Ursula von der Leyen connaît bien la politique allemande, puisqu'elle a été membre chevronnée du gouvernement de la chancelière Angela Merkel ces 14 dernières années. Malgré son père, Ernst Albrech, haut fonctionnaire européen et ancien gouverneur de Basse-Saxe, la carrière politique d'Ursula von der Leyen, aujourd'hui âgée de 60 ans, a débuté assez tard.
Née en 1958 à Bruxelles, en Belgique, alors que son père travaillait pour la délégation européenne, Von der Leyen a étudié l'économie à l'université de Göttingen et à l'université de Münster de 1977 à 1980. Mais elle s'est ensuite tournée vers des études de médecine à la faculté de médecine de Hanovre, dont elle a obtenu son diplôme en 1987. Elle a travaillé comme assistante médicale dans un cabinet privé, puis comme chargée de cours au département d'épidémiologie de la faculté de médecine de Hanovre, et comme mère au foyer, avant de se lancer en politique en se présentant au parlement du Land de Basse-Saxe en 2003.

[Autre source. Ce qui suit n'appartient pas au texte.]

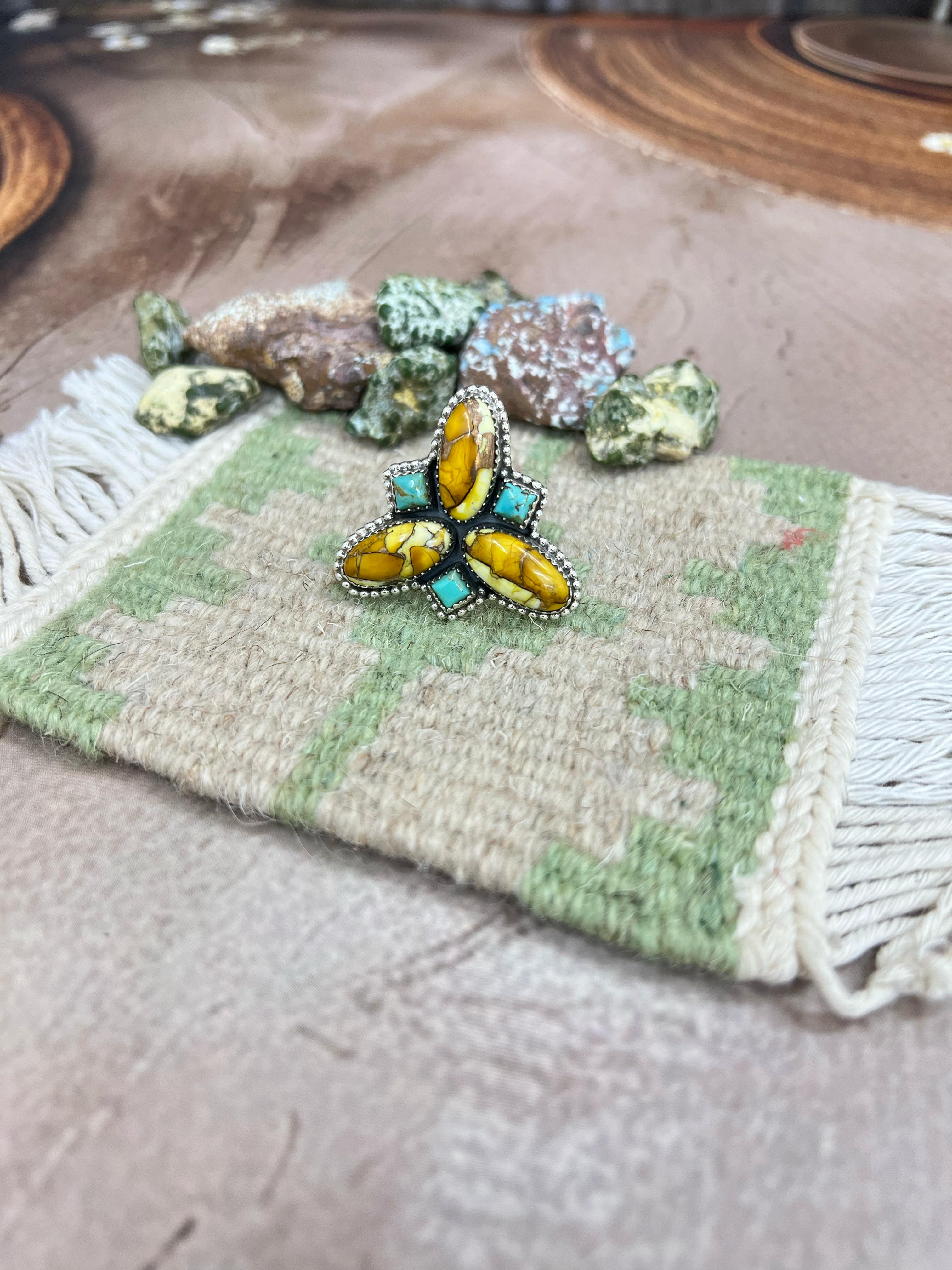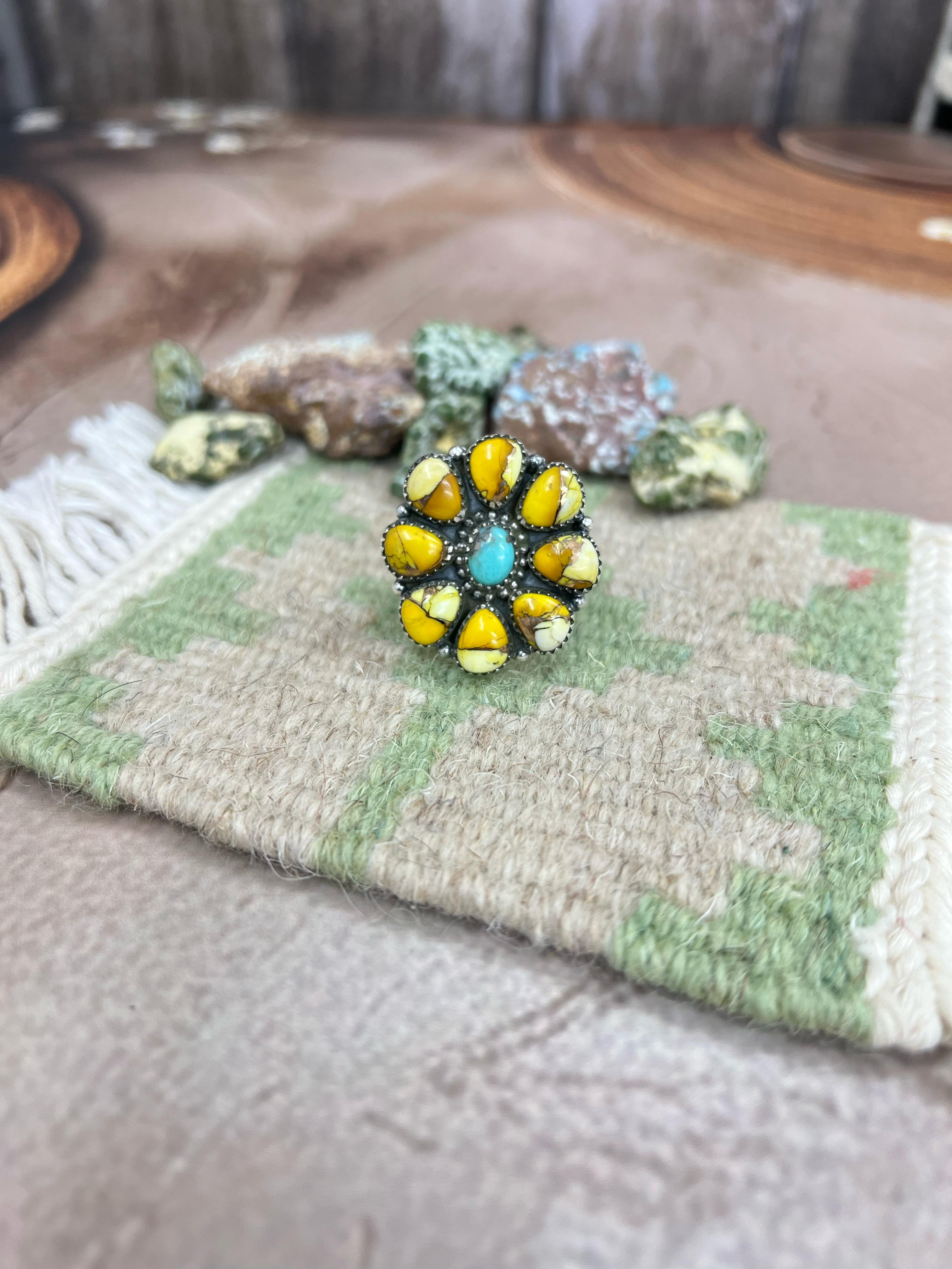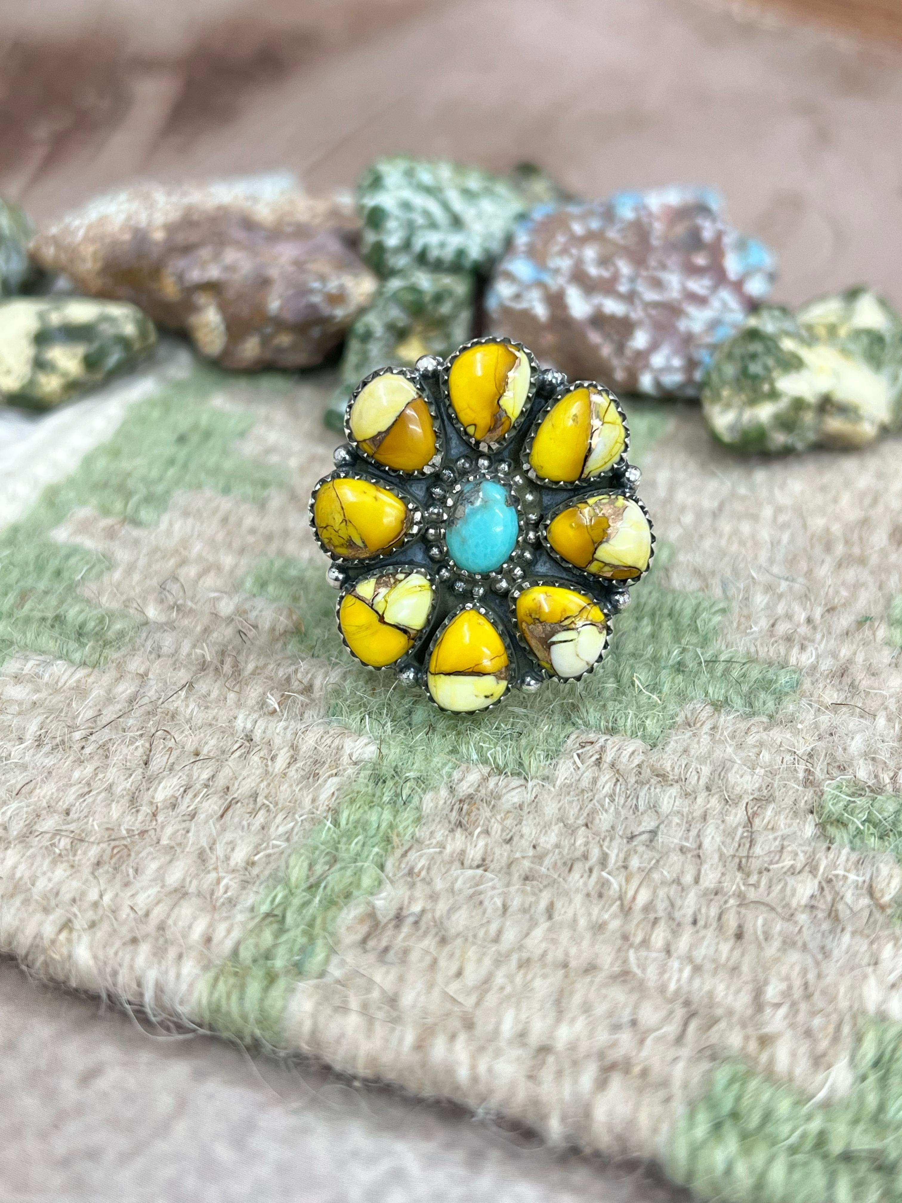 Handmade Sterling Silver Kingman Turquoise Adjustable Ring "Signed Nizhoni"
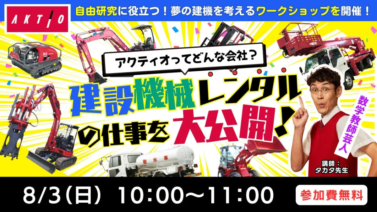 建設機械レンタル業界のリーディングカンパニーである株式会社アクティオが、2025年8月3日(日)に「夏のオンライン自由研究フェス2025」を開催します。このイベントでは、全国各地の小学生を対象に、「アクティオってどんな会社?建設機械レンタルの仕事を大公開」と題されたオンライン授業を行います。参加は無料で、自宅から涼しい部屋で参加できるため、この夏の猛暑対策にも最適です。
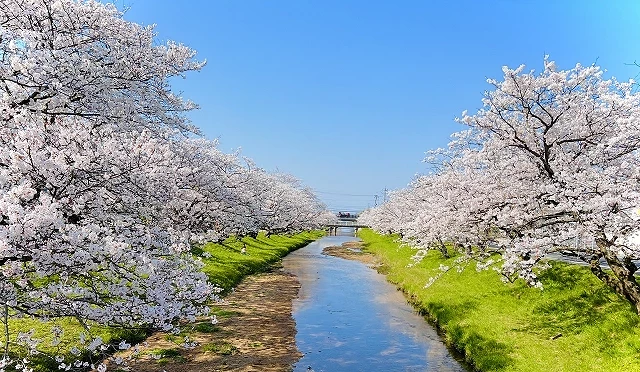 ② 河畔约千株樱花盛开,同时欣赏桥景、河景与花景

Deux ans plus tard, elle devient ministre de la Famille dans le gouvernement de la chancelière Angela Merkel, puis ministre du Travail à partir de 2009 avant de devenir la première femme ministre de la Défense en Allemagne en 2013.
Forte d'un bon parcours universitaire, d'une maîtrise de l'anglais et du français, et d'une tradition familiale en politique, la carrière d'Ursula von der Leyen est considérée comme prometteuse. Depuis 2010, elle est également vice-présidente de l'Union chrétienne-démocrate et bras droit de la chancelière Angela Merkel.
Pendant longtemps, elle a même été considérée comme une candidate potentielle pour remplacer Angela Merkel à l'avenir, même si elle-même l'a toujours humblement évité, en déclarant : « Dans chaque génération, il n'y aura qu'une seule chancelière, et dans ma génération, c'est Angela Merkel. »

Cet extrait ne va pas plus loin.